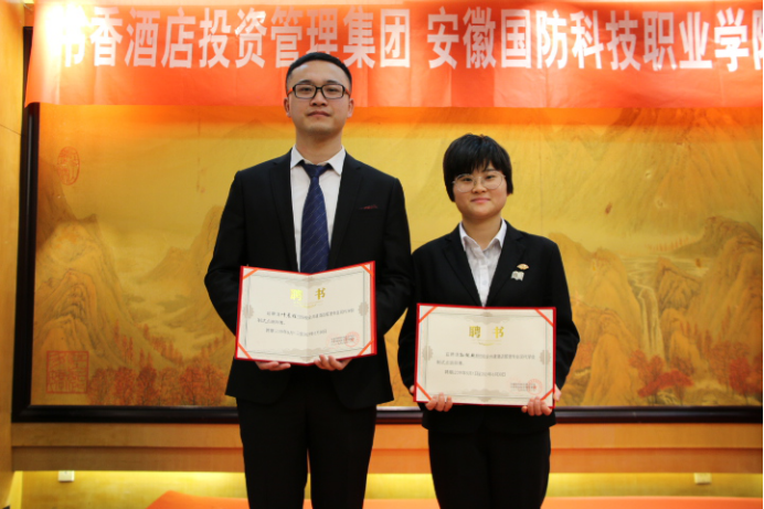万象城官网旅游管理专业14级优秀毕业生孙纯艳和16级优秀实习生叶晨程被聘为18级学徒师傅。
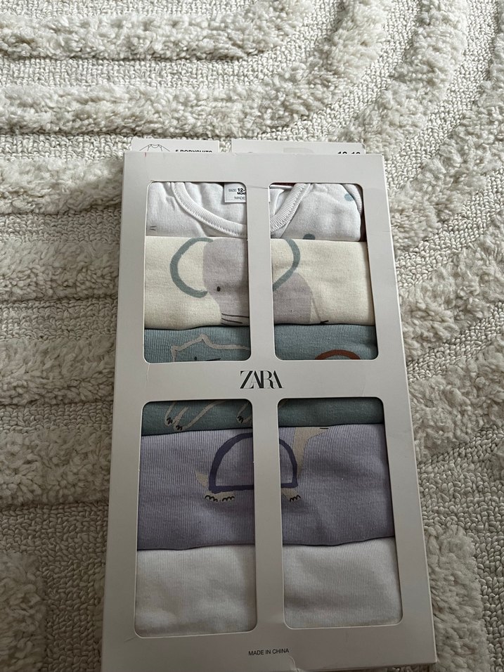 Zara markasına ait uzun kollu çıtçıtlı body.18-24 aylıktır kız ya da erkek çocuk için kullanılabilir.içinde 5 adet body vardır
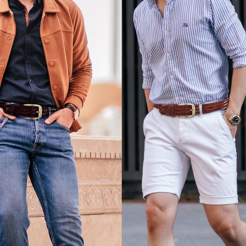 - (Braided Genuine Leather Mesh Belt) Introducing a fashionable braided genuine leather men's belt from Ulterra. This genuine leather belt is an exquisite accent for men's casual fashion or business casual styles. This item can be used for all seasons, but the braided belt can also be worn as a cool look, especially during spring and summer, so it is recommended to wear it with a shirt or top to show off your belt
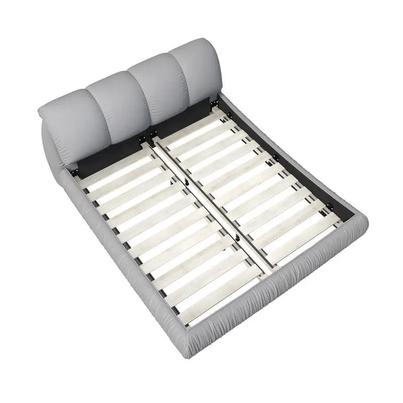 King-size upholstered platform bed with an oversized padded backrest and solid wood frame. Designed for durability, comfort, and compatibility with various mattress heights.
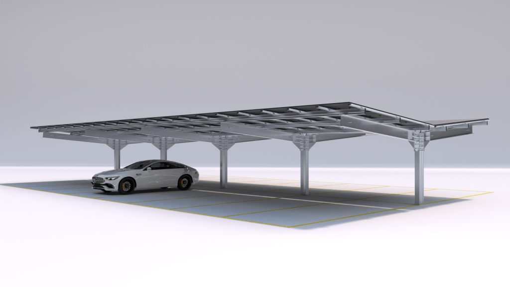 Mit dem einzelnen Pfosten am Ende des Carports, der eine optimale Raumausnutzung gewährleistet, können Menschen leicht sowohl gerade als auch schräg parken und bequem ein- und ausfahren.
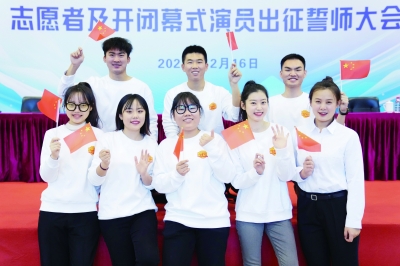 北京体育大学的学生志愿者于依鹭(前排左二)在北京体育大学体育馆内与志愿者同学合影。 于依鹭是北京体育大学中外体育人文交流专业研究生,她将作为媒体运行专业志愿者服务北京冬奥会。她说:“希望能在服务中实践我平时的所学,并有所提高、有所收获。”随着北京2022年冬奥会临近,北京各高校学生志愿者积极参与培训,提高志愿服务水平,用专业的态度、饱满的热情、青春的笑脸,迎接来自世界各地的宾朋,为冬奥盛会贡献青春力量。 新华社记者 鞠焕宗/摄
——
• Your instructions: From the line containing "Mit dem einzelnen" down to the last line of the entries above, set down every line exactly. Omit all pictures.

• Output for this task:
 Mit dem einzelnen Pfosten am Ende des Carports, der eine optimale Raumausnutzung gewährleistet, können Menschen leicht sowohl gerade als auch schräg parken und bequem ein- und ausfahren.
 北京体育大学的学生志愿者于依鹭(前排左二)在北京体育大学体育馆内与志愿者同学合影。 于依鹭是北京体育大学中外体育人文交流专业研究生,她将作为媒体运行专业志愿者服务北京冬奥会。她说:“希望能在服务中实践我平时的所学,并有所提高、有所收获。”随着北京2022年冬奥会临近,北京各高校学生志愿者积极参与培训,提高志愿服务水平,用专业的态度、饱满的热情、青春的笑脸,迎接来自世界各地的宾朋,为冬奥盛会贡献青春力量。 新华社记者 鞠焕宗/摄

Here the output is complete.